# 5.24 Real-World Hash Table Design

# 5.24 Real-World Hash Table Design

## Problem

You need to choose and implement a hash table that performs reliably under real workloads: mixed key types, uneven access patterns, deletions, resizing, and possible adversarial input.

Pure theoretical designs often fail in production due to constant factors, memory layout, and edge cases.

## Solution

Design the hash table as a layered system with explicit responsibilities:

```text id="h2v8qk"
- hashing layer
- indexing layer
- collision handling layer
- resizing layer
- memory layout layer
```

A robust baseline structure:

```text id="k9m1zr"
HashTable:
    entries: contiguous array
    capacity: integer
    size: integer
    load_factor_threshold: float
```

Core operations:

```text id="p4n7xd"
index = hash(key)
probe sequence in entries
match via equality check
```

Resizing policy:

```text id="v7c3pl"
if size / capacity > threshold:
    rehash to larger capacity
```

## Discussion

A production-grade hash table is not a single algorithm but a combination of design decisions that interact.

### 1. Hashing layer

The hash function must be:

* fast for common keys
* well-distributed for structured input
* consistent with equality
* optionally keyed for untrusted input

A weak hash function can destroy performance even if the rest of the table is well-designed.

### 2. Indexing layer

Index computation maps hash values into table positions.

```text id="m8q2dn"
index = hash(key) mod capacity
```

Capacity choice affects distribution. Power-of-two capacities are fast but require good bit mixing. Prime capacities reduce some structured collisions but may be slower.
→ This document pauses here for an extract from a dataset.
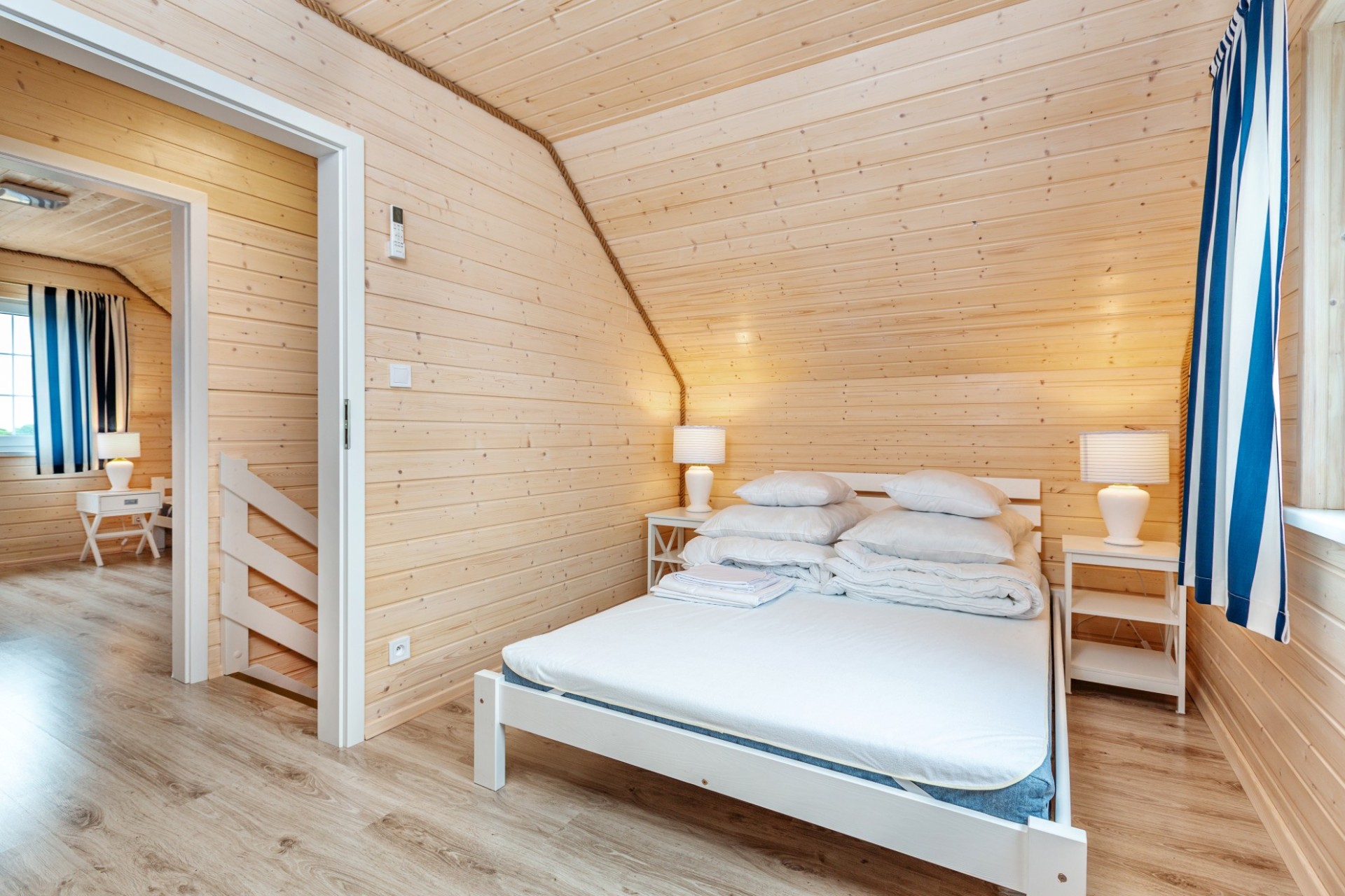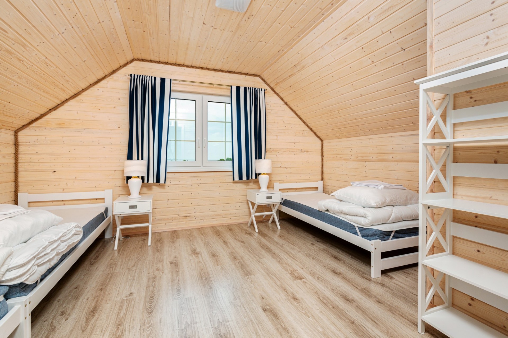 Na piętro prowadzą schody do dwóch niezależnych sypialni.

### 3. Collision handling layer

Choices:

* chaining for simplicity and flexibility
* open addressing for cache efficiency
* hybrid structures for worst-case control

The correct choice depends on workload:

* read-heavy: open addressing
* insert-heavy: chaining or hybrid
* adversarial input: hybrid or treeified buckets

### 4. Resizing layer

Resizing is essential for maintaining performance.

Without resizing:

```text id="q1z8mv"
load factor grows → collisions grow → performance degrades
```

With resizing:

```text id="t6k3np"
load factor bounded → expected constant time preserved
```

Geometric growth ensures amortized O(1) insertion cost.

### 5. Memory layout layer

Memory layout often determines real performance more than algorithm choice.

Key options:

* contiguous arrays (best cache locality)
* pointer-based nodes (flexible but slower)
* segmented arrays (balance between both)
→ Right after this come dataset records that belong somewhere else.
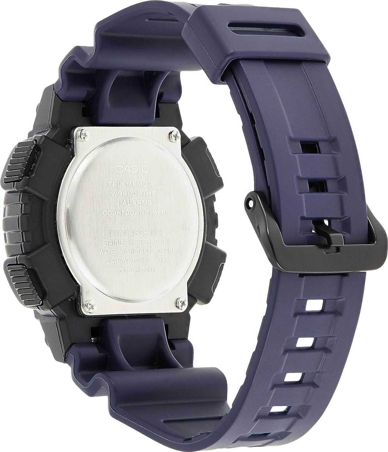 Сплит-хронограф. Кварцевый механизм. Водозащита WR 100.Таймер обратного отсчета от 1мин до 24ч. Мировое время – 30 городов (29 часовых поясов). Функция включения/отключения летнего времени. 12/24х часовой формат времени. Секундомер с точностью показаний 1/100с и временем измерения 24ч. Светонакопительное покрытие необрит продолжает светиться в темноте даже после непродолжительного пребывания на свету. 3 будильника, один с функцией Snooze, ежечасный сигнал. Автоматический календарь: число, день недели, месяц (до 2099г). Записная книжка на 30 ячеек памяти для записи имен и телефонных номеров, каждая запись может включать в себя текст из 8 букв и 12 цифр. Батарея рассчитана на 10 лет. Корпус выполнен из пластика. Размеры корпуса 52,2 мм х 46,6 мм, толщина 16,6 мм, вес 50 грамм. Пластиковое стекло. Пластиковый ремешок.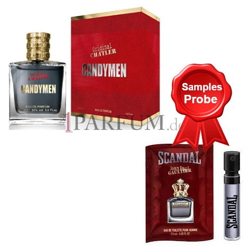 Startseite » Herrendüfte » Chatler » Chatler Original Candymen - Eau de Parfum 100 ml, Probe Gaultier Scandal Homme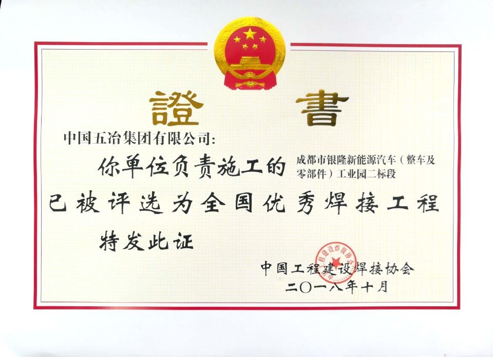 成都市银隆新能源汽车(整车及零部件)工业园二标段-2018年度全国优秀焊接工程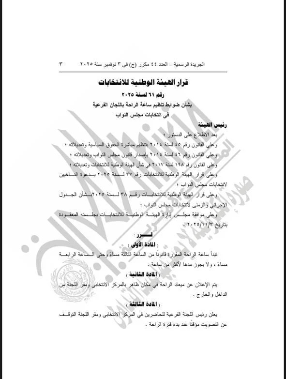 أصدرت الهيئة الوطنية للانتخابات برئاسة القاضي حازم بدوي، قرار بشأن الراحة المقررة قانونًا في انتخابات مجلس النواب 2025، والتي حددت من الساعة الثالثة وحتي الرابعة مساءًا.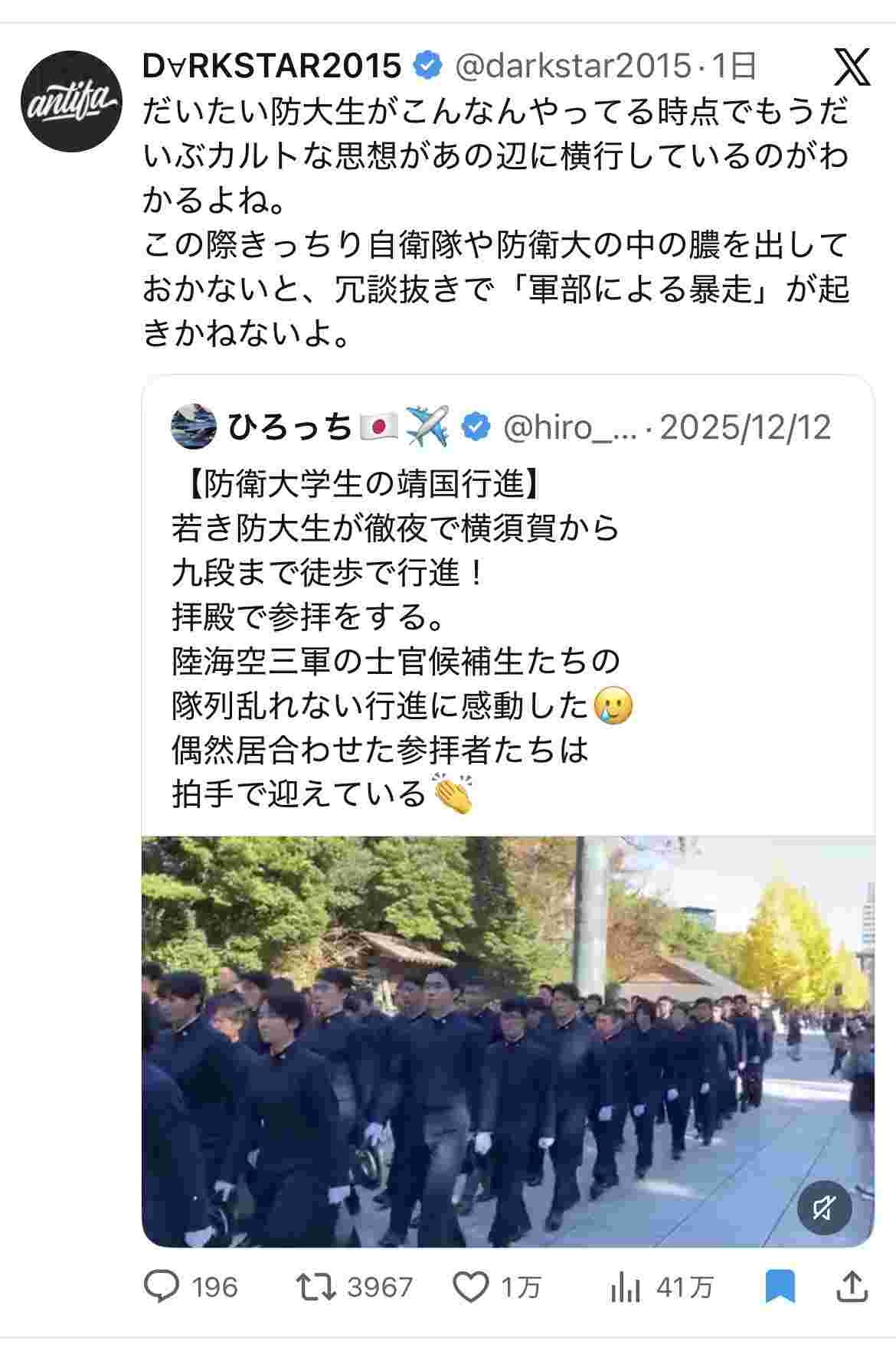 - こんなんしてっから自分に酔って襲撃起こすやつ出るんだよ

Modern high-performance implementations favor contiguous storage with careful probing.

## Correctness

Correctness is defined by invariants:

1. Every key is stored exactly once (no duplicates).
2. Lookup always searches the correct candidate positions.
3. Equality is always checked explicitly.
4. Resizing preserves all entries.

Formally:

```text id="x3v9jq"
lookup(key) returns value iff key was inserted and not deleted
```

All optimizations must preserve these invariants regardless of layout or caching behavior.

## Complexity

Expected performance:

```text id="z7m4pd"
insert → O(1)
lookup → O(1)
delete → O(1)
```

Worst case:

```text id="c8q1xn"
O(n)
```

With hybrid bucket structures:

```text id="r2v9mk"
worst-case lookup → O(log n)
```

Amortized resizing cost:

```text id="f6n2ld"
O(1) per operation
```

## Example

A real system design for a key-value cache:

```text id="k5m8qz"
key: request_id
value: response
```

Design choices:

* keyed hash for security
* open addressing for cache efficiency
* load factor threshold at 0.7
* resizing at 2x growth
* fallback treeified buckets for collision clusters

Behavior under load:

* normal traffic: constant-time access
* burst traffic: stable latency
* adversarial keys: bounded degradation

## Implementation Notes

Treat the hash table as a system, not a data structure.
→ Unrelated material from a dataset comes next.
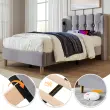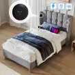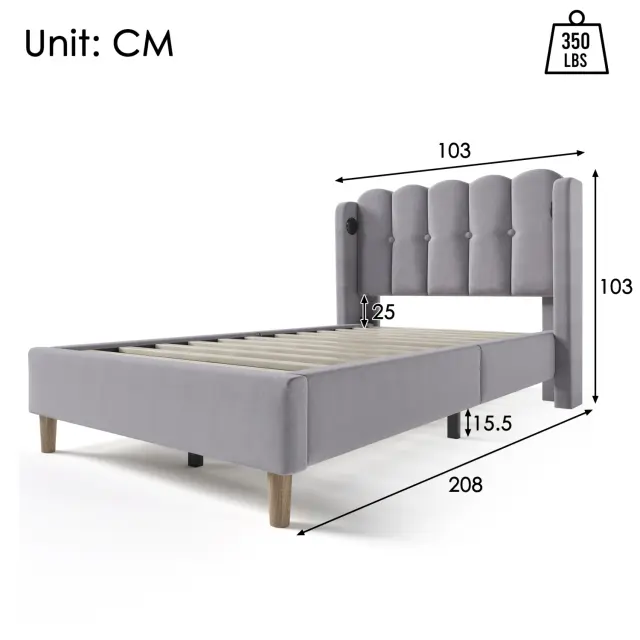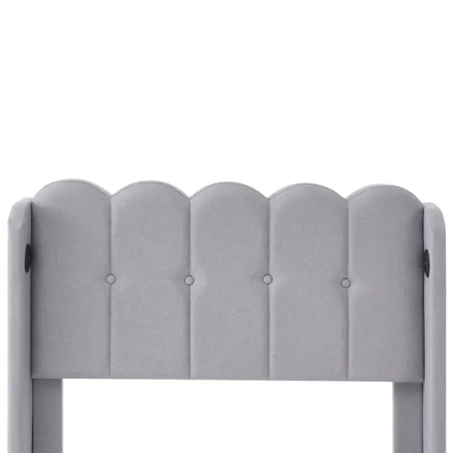 Oblazinjena postelja 90x200 cm z USB-C, letveni okvir, siva
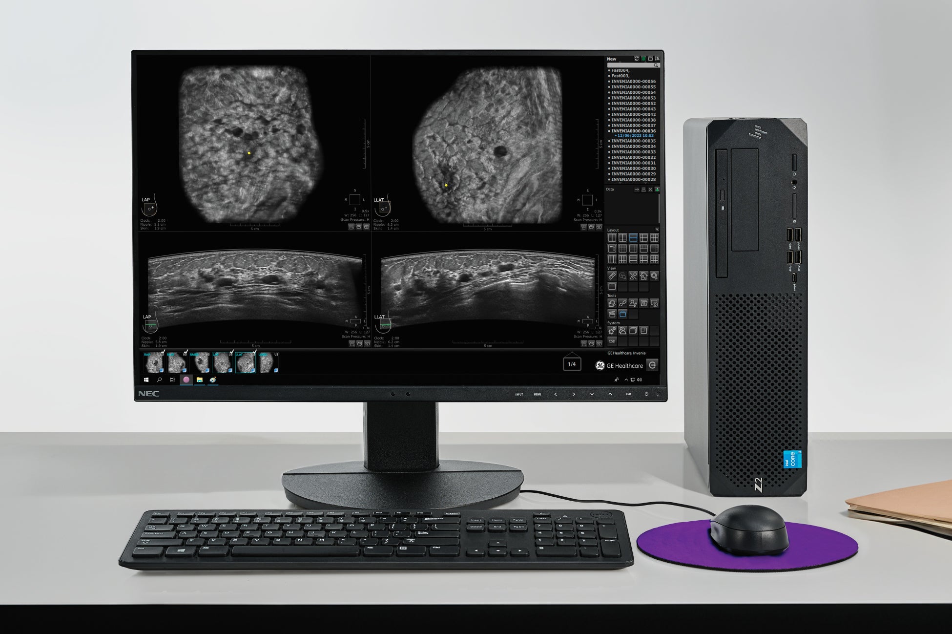 「Invenia ABUS」は、データ収集部分と読影部分を分離し、ワークフローをシンプルに設計することで乳房超音波検査にかかる作業工程の効率性の向上をはかります。

Tune parameters based on workload:

```text id="p9c3nx"
- load factor threshold
- bucket representation
- hash function strength
- resizing strategy
```

Benchmark with realistic workloads, not synthetic random inputs.

Monitor:

* probe length distribution
* bucket size distribution
* cache miss rate
* resize frequency

Avoid premature micro-optimizations. Focus first on invariants and distribution quality.

## Common Mistakes

Choosing a hash function without considering input structure.

Ignoring memory layout and cache behavior.

Using a single design for all workloads.

Allowing uncontrolled growth of load factor.

Optimizing lookup but ignoring insertion and deletion costs.

Treating resizing as an implementation detail rather than a core mechanism.

Relying on average-case guarantees without measuring tail latency.